* **Task instructions**
Transcribe the entries below exactly, starting with the line that has "- Enjoy an unbeatable" and stopping after the line that has "Series name above;"; no pictures belong in the copy.

[Saved data entries]

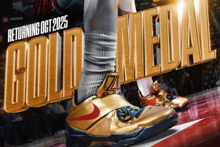 体育资讯08月11日讯 据报道,KD4“金牌”配色将于今年秋季回归。
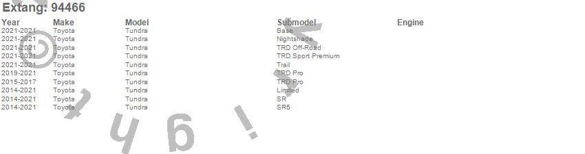 Brand: ExtangPart Number: 94466Tonneau Cover Type: Acrylic Canvas - Black - w/Cargo Channel SystemUPC: 750289944662
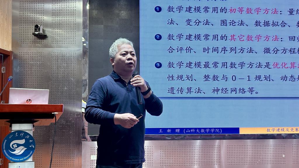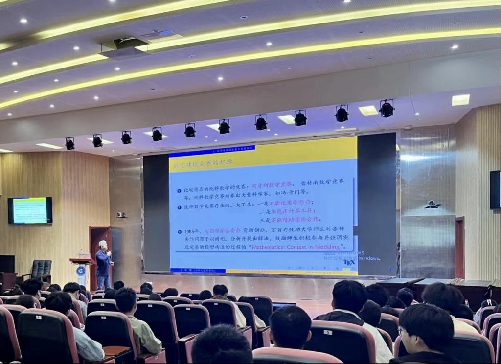 王新赠副教授应邀在J9-144报告厅为参赛学生和指导老师作数学建模竞赛知识讲座。讲座中,王新赠从基础知识讲起,用简单易懂的例子生动形象地解答了什么是数学建模、为什么要建模以及应该怎样建模等问题。王新赠围绕如何备赛、如何培养建模能力等进行重点介绍,他结合全国大学生数学建模竞赛真题,详细讲解了数学建模的方法以及解题步骤。王新赠鼓励同学们以参加数学建模竞赛为契机,以赛促学,为个人全面发展蓄势赋能。
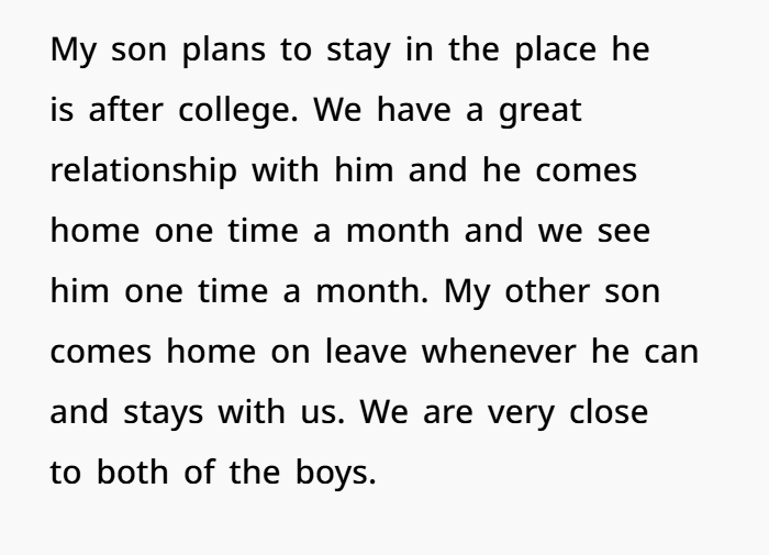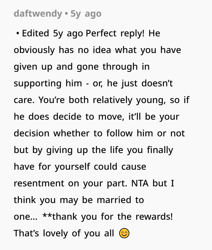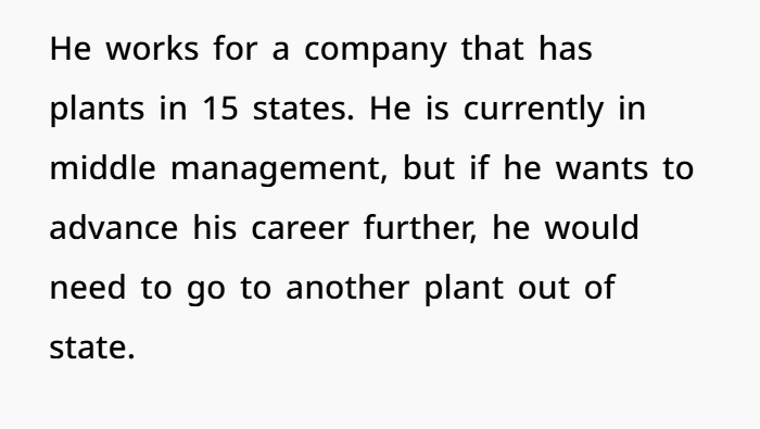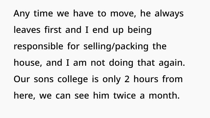 But this time, she’s not budging. She’s in a job she loves, earning great money, and has built a support system for the first time in years. The move would not only mean a massive pay cut and long commute for her, but it would sever closeness with her college-aged son. Her refusal sparked a rift—he accused her of being unsupportive and selfish. He even left to “think.” But she’s holding the line: she’s not uprooting her life anymore, and if he wants to go, he’ll be going alone.
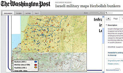Washington Post obtains map detailing bunkers, arms caches, surveillance sites in south Lebanon. IDF official: We want to show world that Shiite group has turned villages into fighting zones
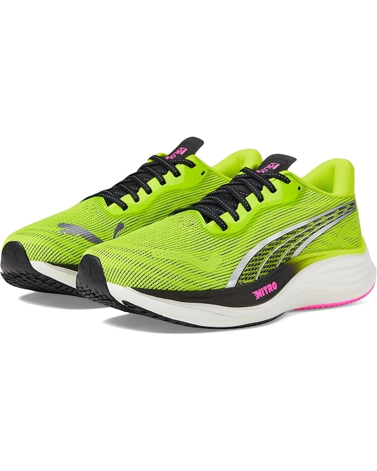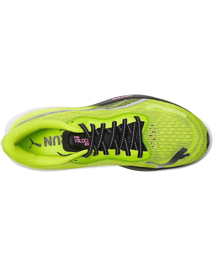 - Enjoy an unbeatable speed and comfort by wearing PUMA® Velocity Nitro 3 Psychedelic Rush shoes. They feature rounded protective toes, lace closure, and padded collar for added support. It is crafted from a textile upper, lining and insole.
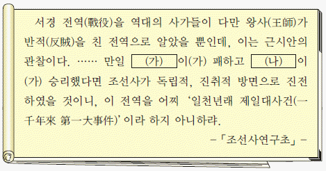 - ④ (나) - 국왕을 황제라 칭하고 준풍을 연호로 사용할 것을 주장하였다.
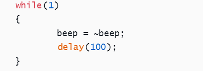 {while(1) {beep = ~beep; delay(100); }
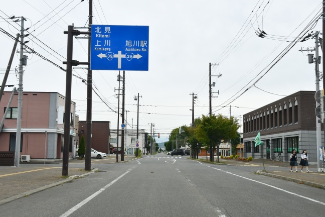 r331の通るJR永山駅前は旭川市永山の端っこのほうで、そこから1kmほど北東にR39を走ると市街地を抜けて田園地帯に入る。逆に市街地方向にR39を走るとすぐにr37鷹栖東神楽線と交差した後、永山エリアのロードサイド店舗が牛朱別川手前まで延々と続く。
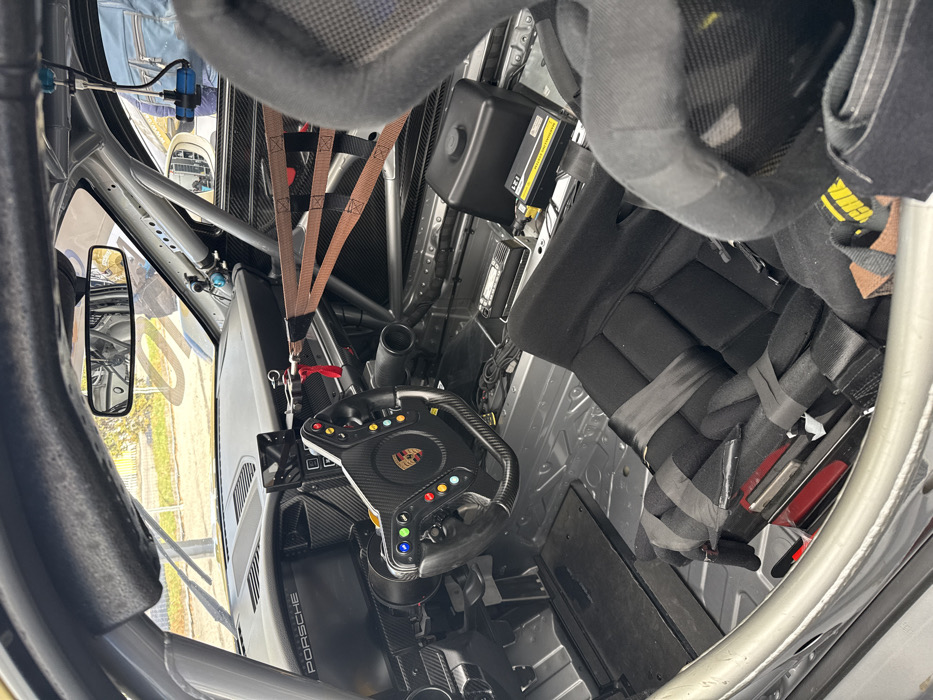 This image captures the stripped-down interior of a Porsche race car, observed from a slightly elevated perspective within the vehicle
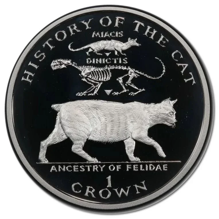 Series name above; ancient cat ancestors and a Manx cat vertically flanked; coin details below a dividing line.
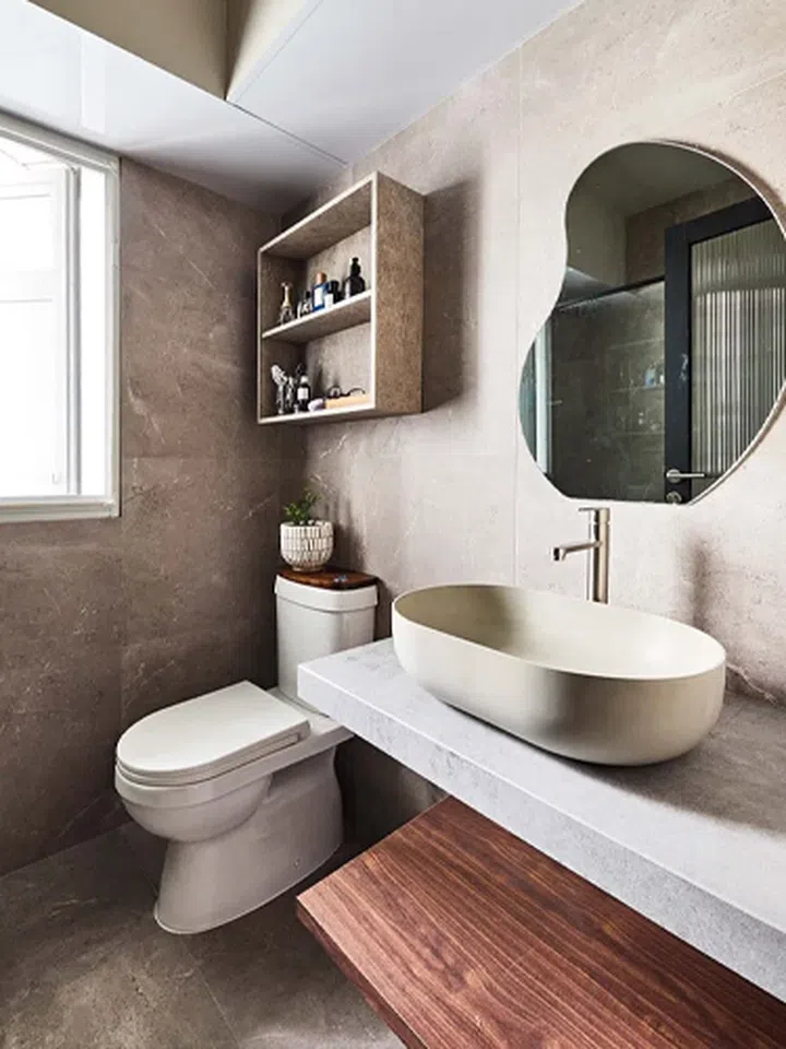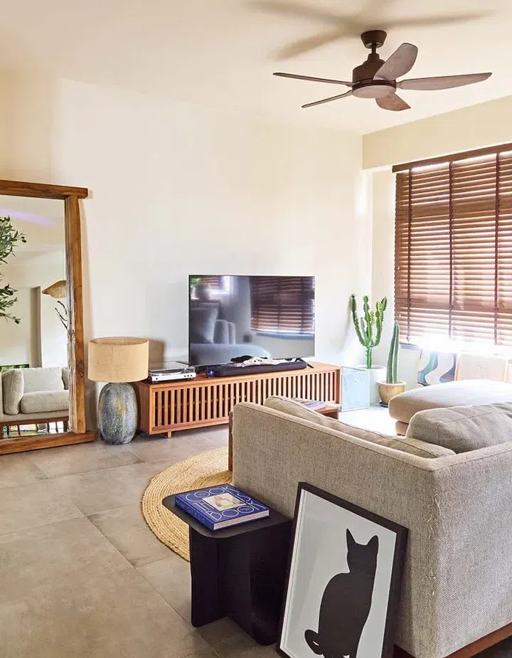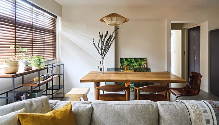 This BTO flat in Tampines is home to a young couple, who envisioned an earthy space with neutral, muted wall paint colours, cement screed finishes and wood elements.
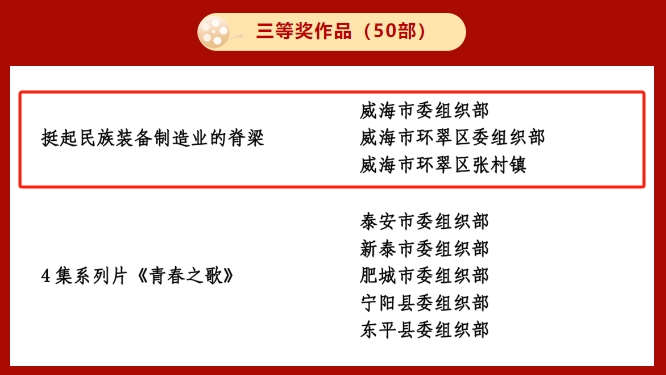 近日,山東省委組織部組織開展了2023年度全省黨員教育電視片(黨課)觀摩交流活動。各地各單位精心組織創(chuàng)作,積極遴選推薦,推出了一大批黨員教育精品力作。經(jīng)過初篩初評、互評互鑒和專家評審,最終確定100部優(yōu)秀電視片、100部優(yōu)秀黨課、40部“我和我的支部”作品和最佳策劃、最佳編…
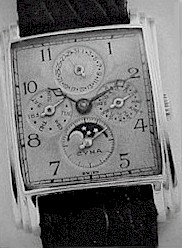 AUTO MOONPHASES Matt Silver dial with raised gilt five minute marks, inner date ring with central date hand, apertures for the days of the week, the months and the lunations i.e. moonphases. Sweep second hand. Huge Square case with special lug design and domed crystal.
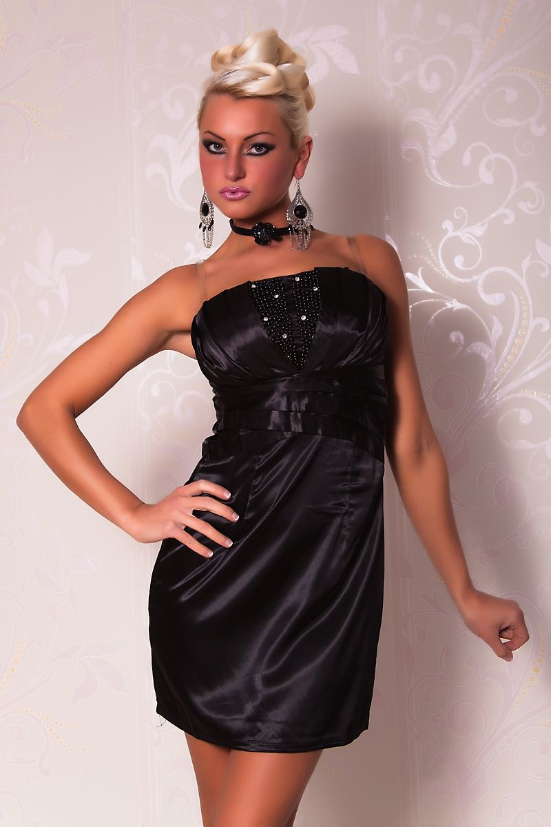 Атласное платье-бандо - это мини-платье без бретелек, выполненное в черном цвете. На груди имеются вертикальные сборки и вставка между ними с белыми небольшими стразами. Под лифом имеются декоративные пояски.

* **Task output**
 - Enjoy an unbeatable speed and comfort by wearing PUMA® Velocity Nitro 3 Psychedelic Rush shoes. They feature rounded protective toes, lace closure, and padded collar for added support. It is crafted from a textile upper, lining and insole.
 - ④ (나) - 국왕을 황제라 칭하고 준풍을 연호로 사용할 것을 주장하였다.
 {while(1) {beep = ~beep; delay(100); }
 r331の通るJR永山駅前は旭川市永山の端っこのほうで、そこから1kmほど北東にR39を走ると市街地を抜けて田園地帯に入る。逆に市街地方向にR39を走るとすぐにr37鷹栖東神楽線と交差した後、永山エリアのロードサイド店舗が牛朱別川手前まで延々と続く。
 This image captures the stripped-down interior of a Porsche race car, observed from a slightly elevated perspective within the vehicle
 Series name above; ancient cat ancestors and a Manx cat vertically flanked; coin details below a dividing line.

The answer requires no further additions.